Nepal | July 19, 2019

‘Cervical cancer treatment possible if detected early’

Himalayan News Service
  • Cervical cancer can be detected in an early stage through Pap smear screening

Kathmandu, January 26

As the world is celebrating Cervical Health Awareness Month to raise awareness on cervical cancer, a large number of women continue to suffer from disease in the country.

As per Bhaktapur Cancer Hospital, six patients are diagnosed with cervical cancer at the hospital each week. Lack of pelvic examination and public awareness on cervical cancer are mainly to blame for increased number of cervical cancer patients in the country.

“Of all cervical cancer cases reported at the hospital, only one or two cases are detected at an early stage. And this makes a difference in successful treatment of the disease.  Most patients come to us when the diseases have already reached an advanced stage,” said Dr Eliza Shrestha Pradhan, PhD, MD, Gynaecology Oncologist, Bhaktapur Cancer Hospital.

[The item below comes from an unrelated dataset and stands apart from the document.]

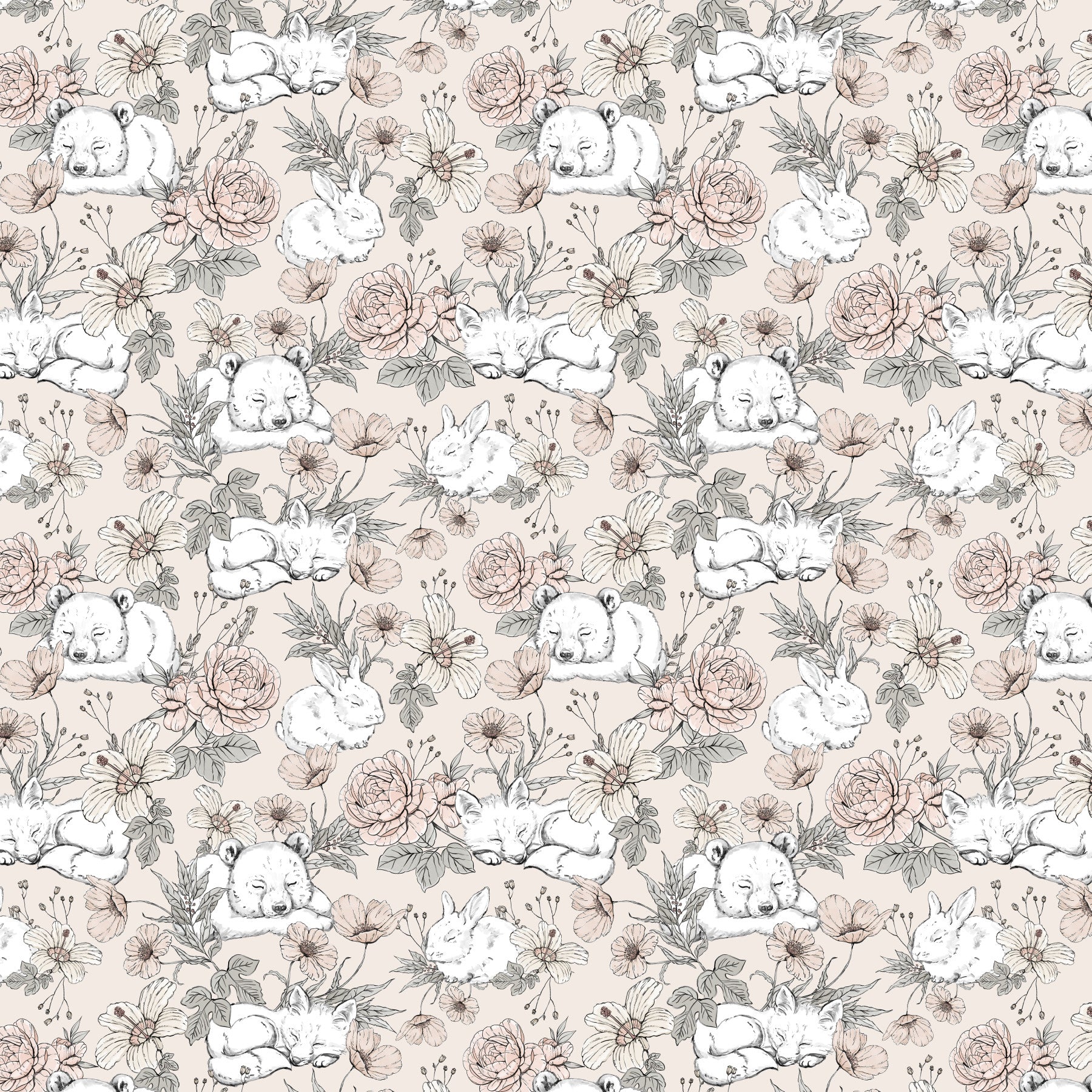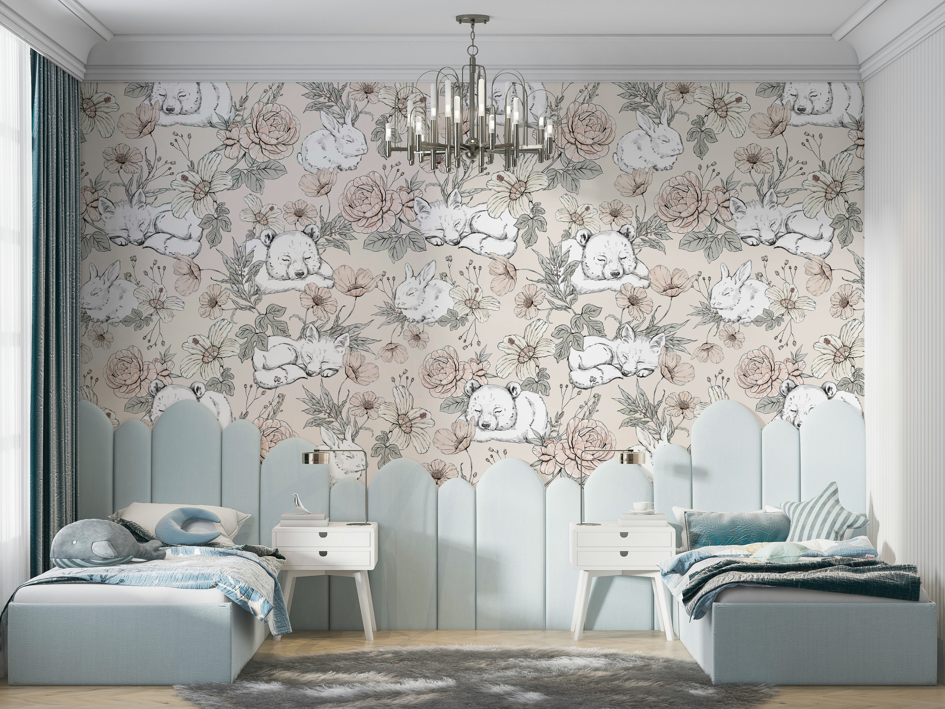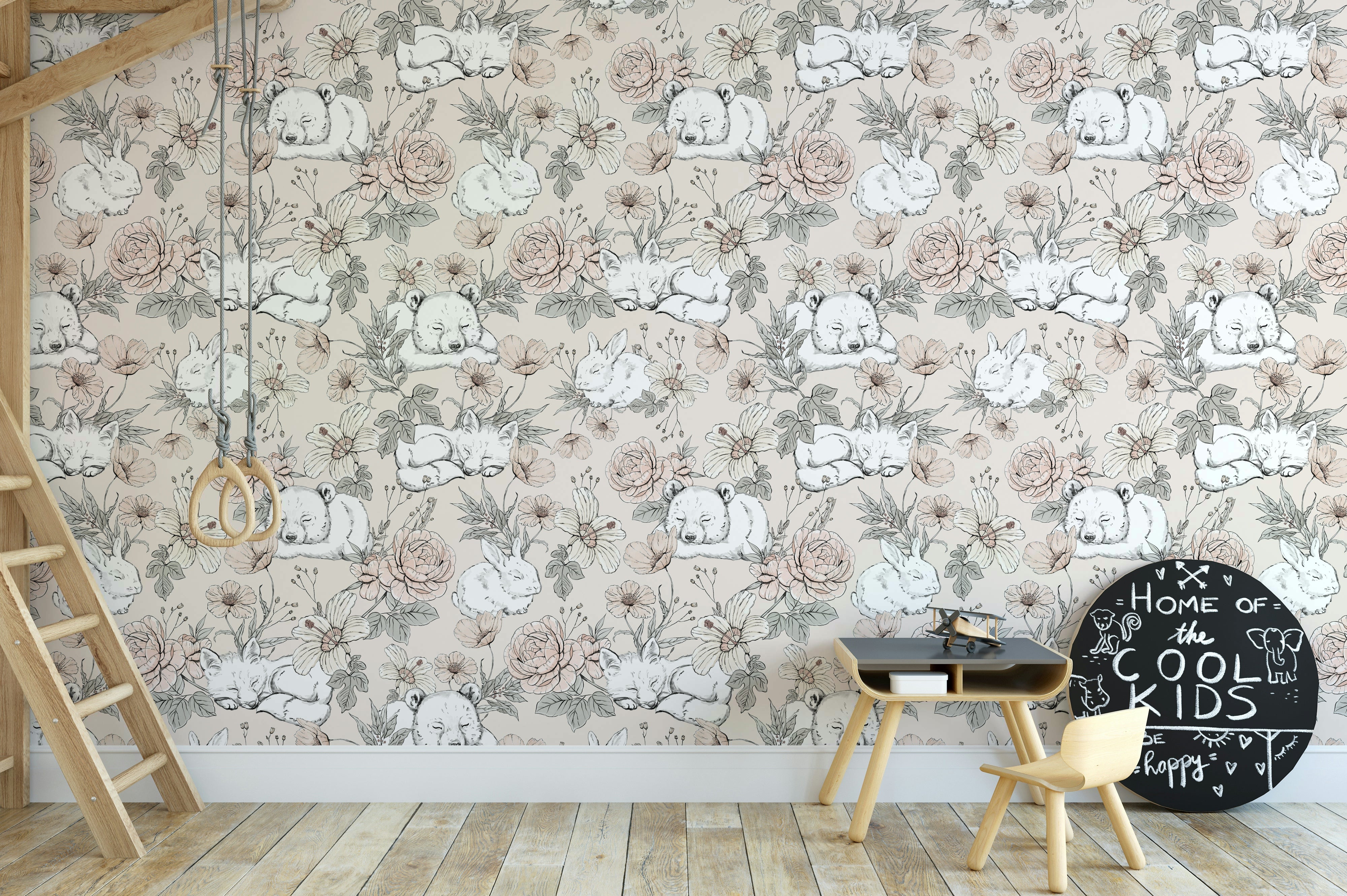 Wrap your child’s room in the gentle warmth of our Sleeping Woodland – Beige wallpaper. Set against a soft beige background, this design features sweetly slumbering koalas, foxes, and bunnies nestled among hand-drawn florals in muted tones. It’s the perfect choice for creating a tranquil nursery or toddler space that soothes and inspires. The vintage sketch style and neutral palette bring a timeless, storybook charm that blends beautifully with any décor. Whether you're designing a dreamy corner or a full feature wall, this wallpaper turns every nap and bedtime into a peaceful forest escape.

Women in the age groups of 34 to 39 years and 64 to 69 years are more prone to the disease. Causes and risk factors of cervical cancer include human papilloma virus (HPV) infection, sex in early age and with multiple partners, smoking, rampant use of birth control pills, and frequent pregnancies, according to the doctor.  “Common symptoms and signs of cervical cancer are abnormal vaginal bleeding,   increased vaginal discharge, bleeding after going through menopause, pain during sex, and     pelvic pain. Anyone showing these symptoms is advised to visit hospitals immediately,” the doctor said.

“Cancer of cervix, however, can be detected at precancerous stage through screening with Pap smear test. The disease can be prevented and successfully treated if the cancer is diagnosed in an early stage,” said Dr Pradhan.

Forty women have been performing Pap smear test each day at the hospital. Any woman involved in sex or any female of reproductive age should undergo Pap smear test once every one to three years to prevent cervical cancer.

As per World Health Organisation, cervical cancer is the fourth most frequent cancer in women with an estimated 5,30,000 new cases in 2012 representing 7.5 per cent of all female cancer deaths, globally. Of the estimated number, more than 2,70,000 deaths resulted from cervical cancer every year and more than 85 per cent of these deaths occurred in less developed countries.


A version of this article appears in print on January 27, 2018 of The Himalayan Times.